# [RAW DATA]
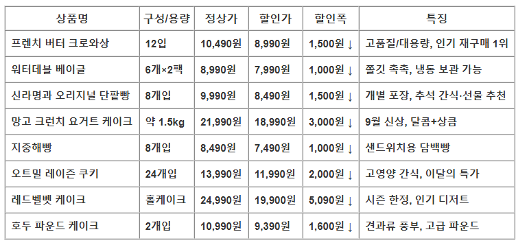 🥐 인기 빵부터 케이크, 신상 디저트까지 대용량·시즌 한정·신제품 할인 품목이 쏟아지고 있어요.
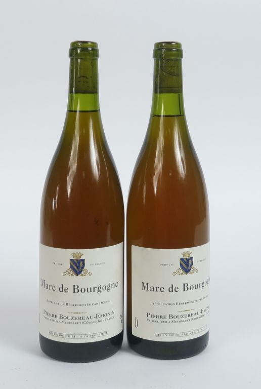 2 BOUTEILLES MARC DE BOURGOGNE P. BOUZEREAU EMONIN 42 ° - SANS CAPSULES
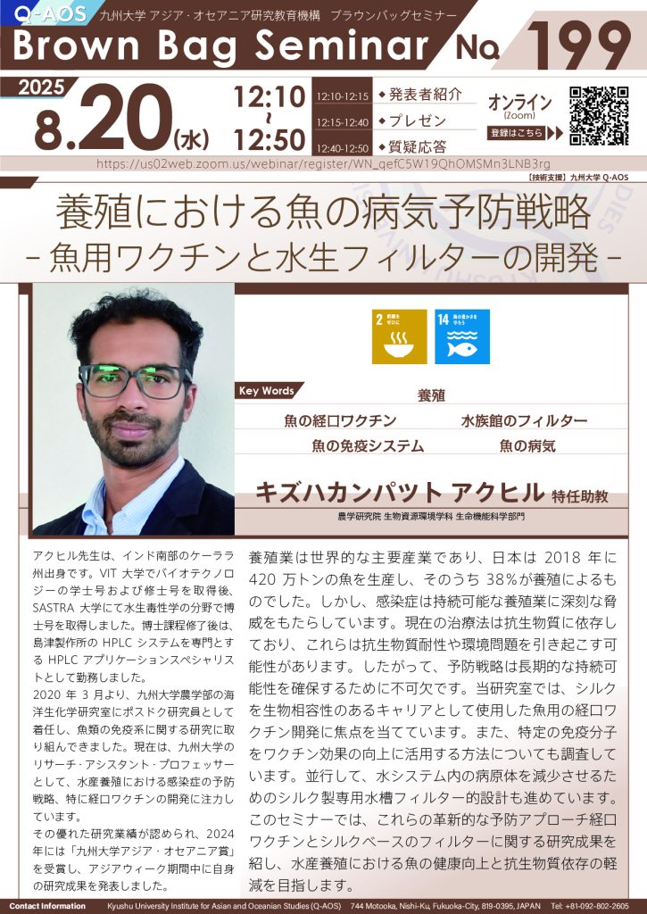 【8/20 開催】第199回アジア・オセアニア研究教育機構(Q-AOS)Brown Bag Seminar Series「養殖における魚の病気予防戦略 – 魚用ワクチンと水生フィルターの開発 -」
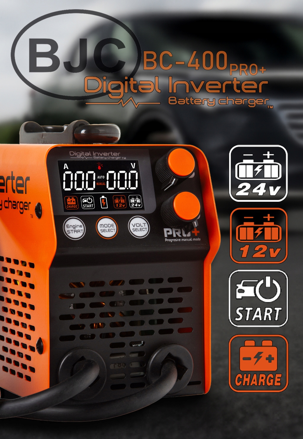 Інверторний випрямляч BJC забезпечує можливість ефективного та ефективного заряджання та запуску акумуляторів як 12В, так і 24В.

# [WHAT THIS TASK INVOLVES]
Reproduce, exactly and without pictures, the lines above from the one containing "2 BOUTEILLES MARC" through the last line of the material, both ends included, and nothing more.

# [THE ANSWER]
 2 BOUTEILLES MARC DE BOURGOGNE P. BOUZEREAU EMONIN 42 ° - SANS CAPSULES
 【8/20 開催】第199回アジア・オセアニア研究教育機構(Q-AOS)Brown Bag Seminar Series「養殖における魚の病気予防戦略 – 魚用ワクチンと水生フィルターの開発 -」
 Інверторний випрямляч BJC забезпечує можливість ефективного та ефективного заряджання та запуску акумуляторів як 12В, так і 24В.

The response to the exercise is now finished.